▸ **PROBLEM STATEMENT**
After locating the line that holds "Dieses Apartment wird", repeat it and each following line exactly until the material ends, skipping pictures.

Top of DATASET EXCERPT

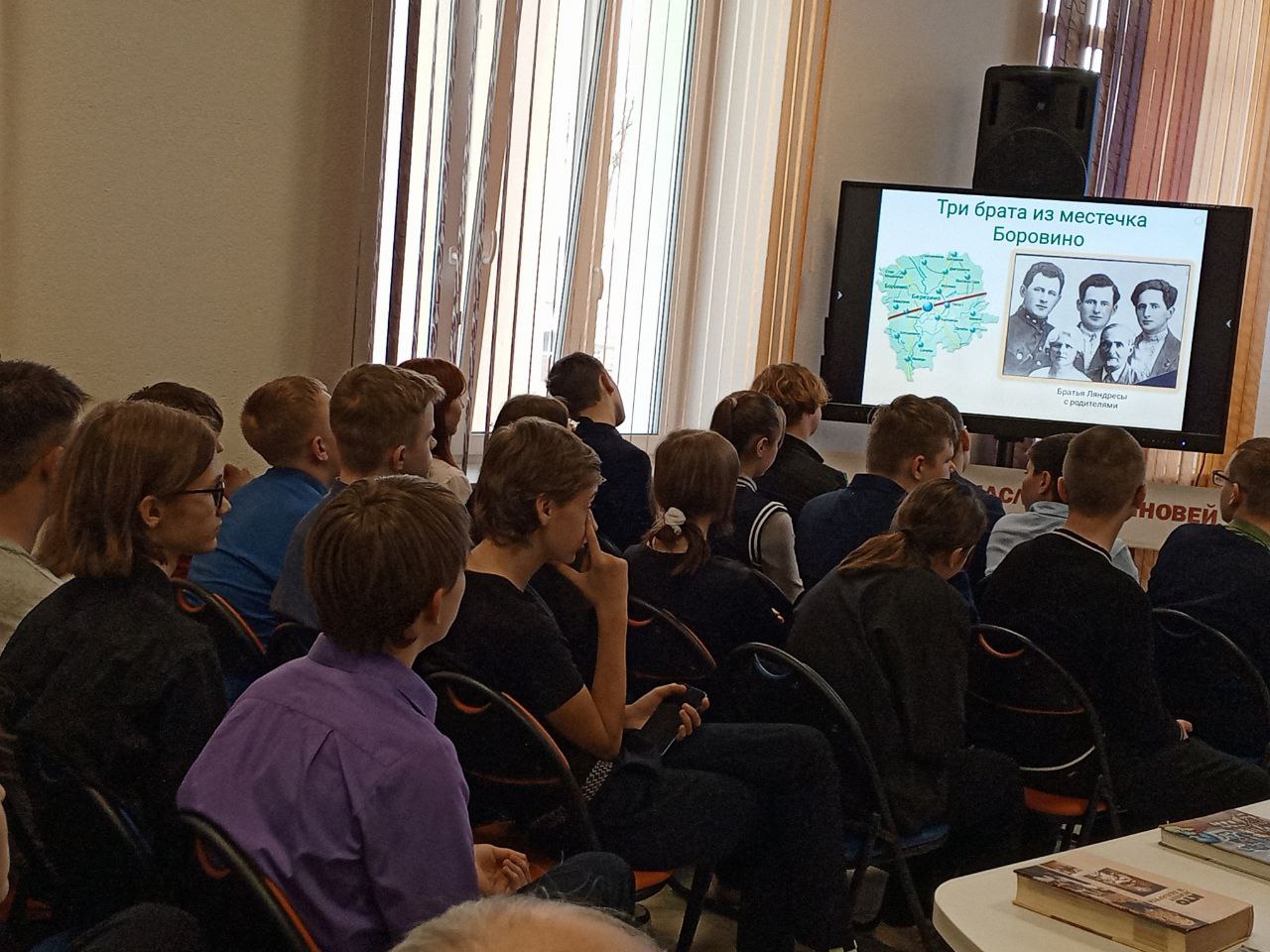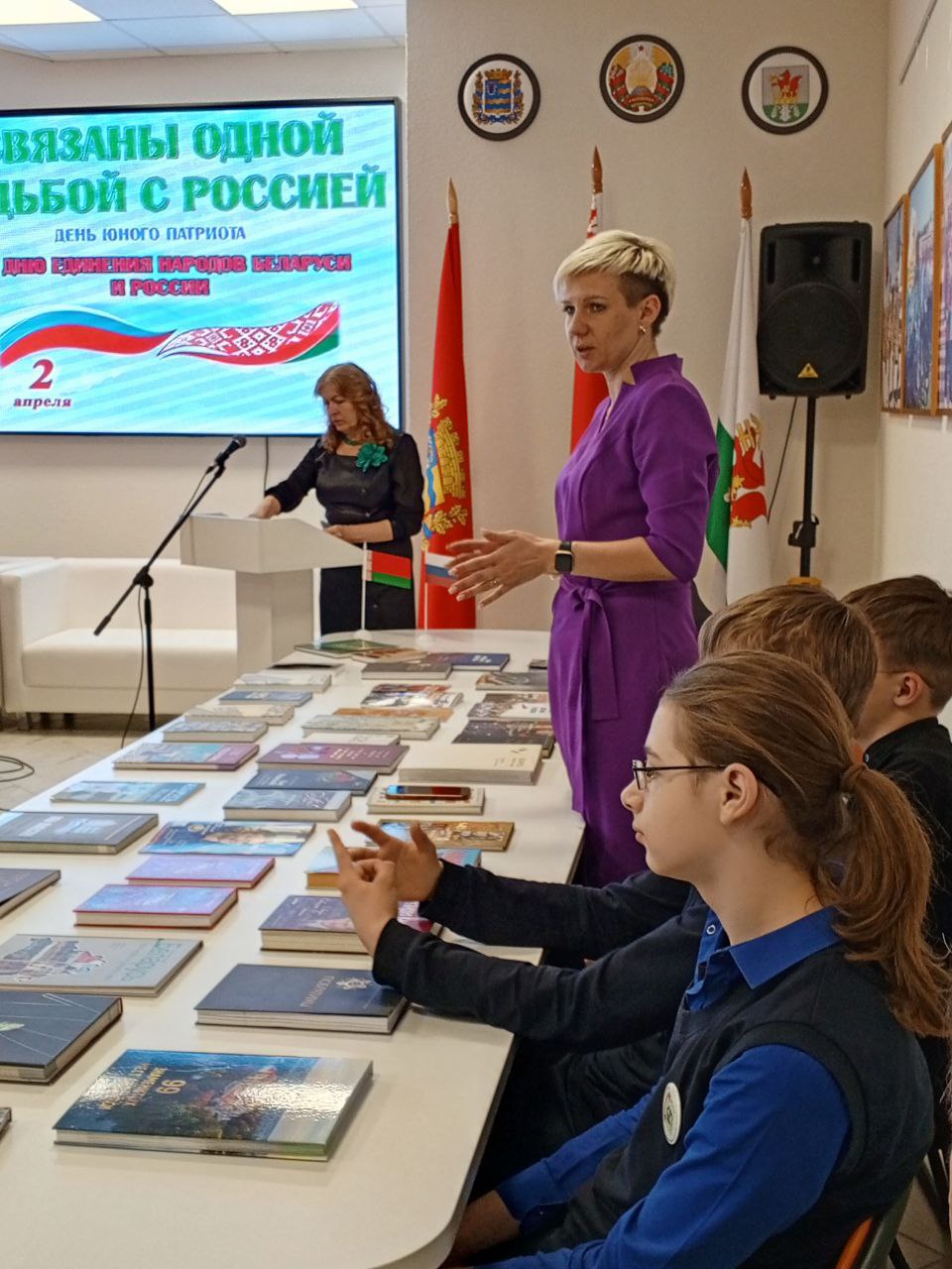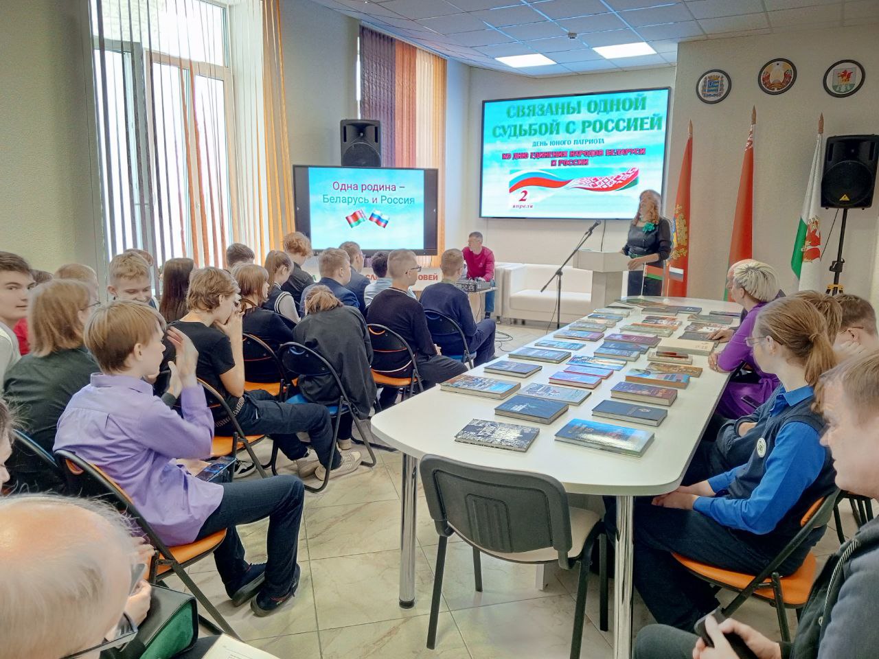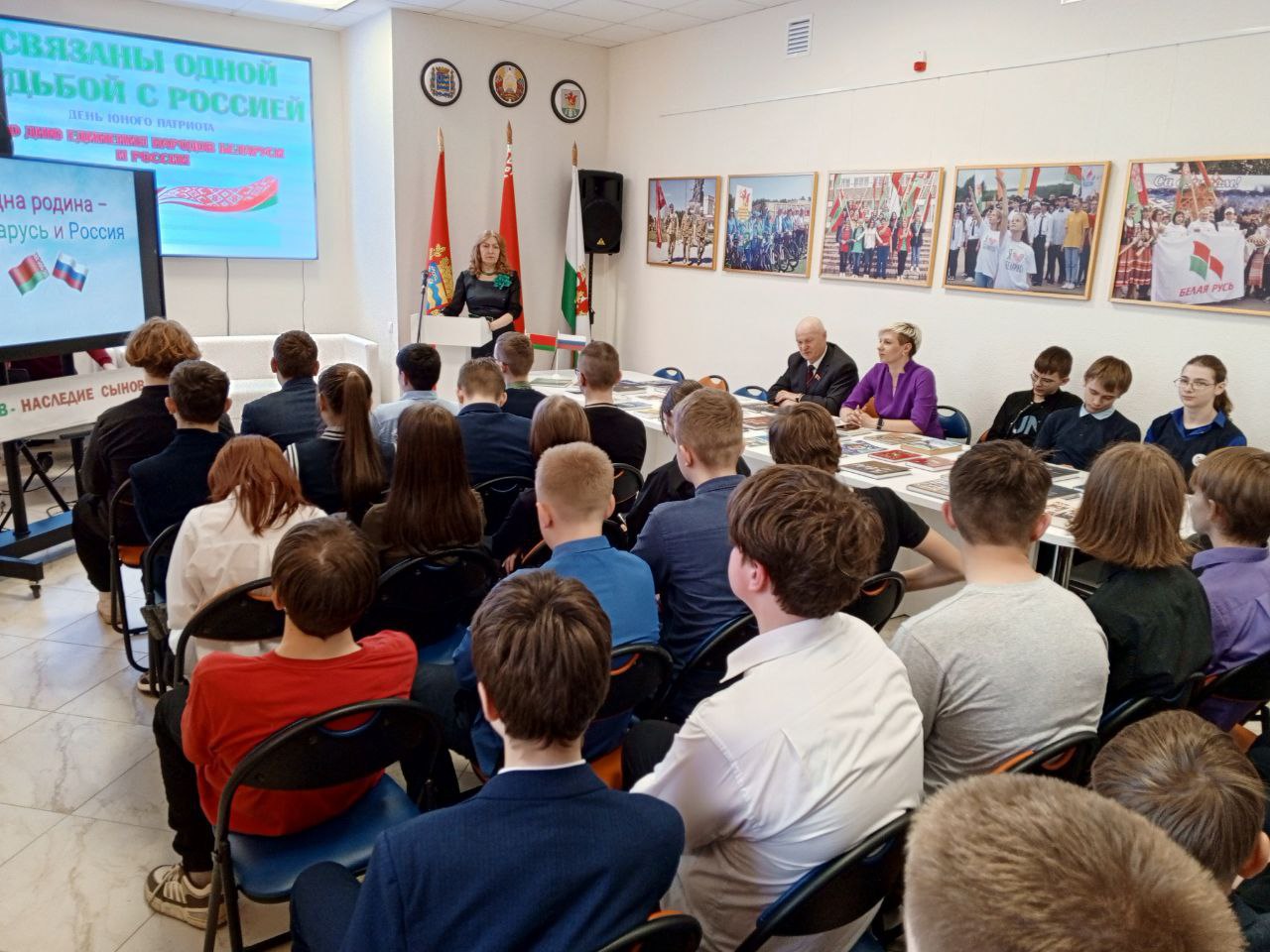 День единения народов Беларуси и России – праздник, символизирующий общность исторических судеб, многовековую крепкую дружбу и духовное братство белорусов и россиян. Этой дате был посвящен день юного патриота «СВЯЗАНЫ ОДНОЙ СУДЬБОЙ С РОССИЕЙ», который собрал старшеклассников Березинской гимназии в стенах ГУК «Березинская центральная районная библиотека». Сегодня подчеркивать наше единство с Россией актуально, как никогда. Молодое поколение призвано расти на традициях духовного братства. Патриотизм и братство – духовная доминанта общества, наша сила. Об этом говорили молодым современникам представитель поколения СССР, дипломированный историк, председатель районного совета ветеранов, член Березинской районной организации Коммунистической партии Беларуси Анатолий Зябко и первый секретарь БРСМ Екатерина Аврамчик. Прочувствовать вековую дружбу и духовное единство белорусов и россиян позволили яркие судьбы земляков, которыми гордятся и белорусы, и россияне. Гордость Березинщины, гордость России – уроженцы д. Боровино братья Ляндресы, достойно писавшие свою трудовую биографию в Москве: изобретатель в области турбиностроения, кавалер ордена Трудового Красного Знамени Зиновий Александрович; начальник отдела Московского уголовного розыска, орденоносный полковник, командир отдельного дивизиона по охране Московского метрополитена Илья Александрович; помощник наркома тяжёлой промышленности СССР, директор Гослитиздата, член комиссии по литературному наследию Булгакова, отец писателя Ю. Семёнова – автора киноромана «17 мгновений весны» Семён Александрович. Связаны одной судьбой с Россией уроженка д. Богушевичи, профессор медицины, отличник здравоохранения Беларуси Лидия Ломако; уроженка Дагестана, участница войны, жительница Березино с 2013-2022гг. Галина Могилко (Есауленко); уроженка Тульской области Тамара Альшевская. 30 лет назад поменяла Крым на Беларусь многодетная семья Ганиных. Судьбы героев мероприятия ко Дню единения Беларуси и России – свидетельство братства наших народов. У нас – общая культура и традиции. И общие песни, которые представили публике юные артисты Березинской школы искусств.
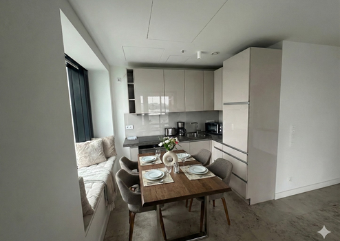 Dieses Apartment wird höchsten Ansprüchen an Design und Funktionalität gerecht und präsentiert sich in einem absolut neuwertigen Zustand (Baujahr 2018). Das Herzstück bildet der lichtdurchflutete Wohnbereich mit offener, maßgefertigter Einbauküche (inklusive hochwertiger Elektrogeräte) und direktem Zugang zur verglasten Loggia, die den Wohnraum nahtlos zum Süd-West-Balkon erweitert.
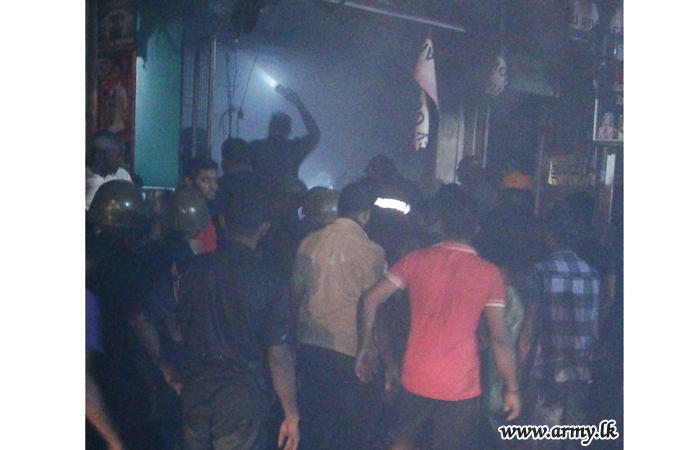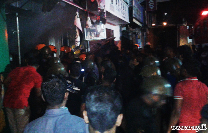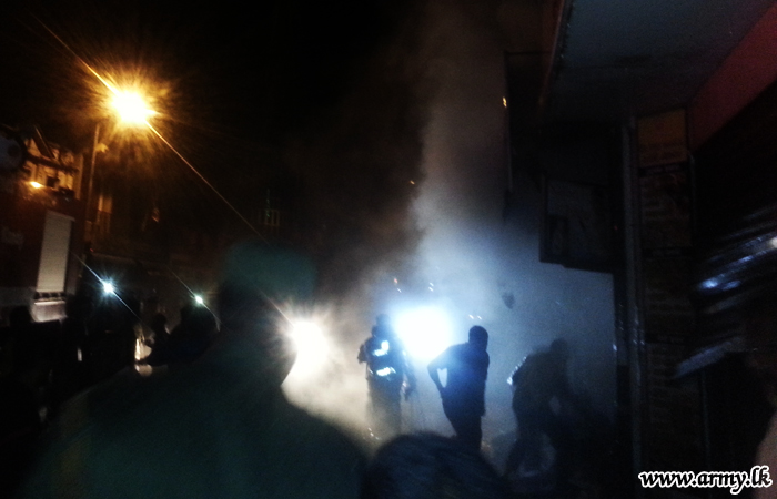 Three Officers and 20 Other Ranks of 8 Vijayabahu Infantry Regiment (VIR) and 2 (Volunteer) Sri Lanka Sinha Regiment (SLSR) under command to the 11 Division of the Security Force Headquarters - Central (SFHQ-Cen) joined hands with fire-fighters and Police personnel to extinguish a sudden fire that broke out at a shop with plastic-wares in Kandy city late Friday (1) evening.

Bottom of DATASET EXCERPT

▸ **EXERCISE RESULT**
 Dieses Apartment wird höchsten Ansprüchen an Design und Funktionalität gerecht und präsentiert sich in einem absolut neuwertigen Zustand (Baujahr 2018). Das Herzstück bildet der lichtdurchflutete Wohnbereich mit offener, maßgefertigter Einbauküche (inklusive hochwertiger Elektrogeräte) und direktem Zugang zur verglasten Loggia, die den Wohnraum nahtlos zum Süd-West-Balkon erweitert.
 Three Officers and 20 Other Ranks of 8 Vijayabahu Infantry Regiment (VIR) and 2 (Volunteer) Sri Lanka Sinha Regiment (SLSR) under command to the 11 Division of the Security Force Headquarters - Central (SFHQ-Cen) joined hands with fire-fighters and Police personnel to extinguish a sudden fire that broke out at a shop with plastic-wares in Kandy city late Friday (1) evening.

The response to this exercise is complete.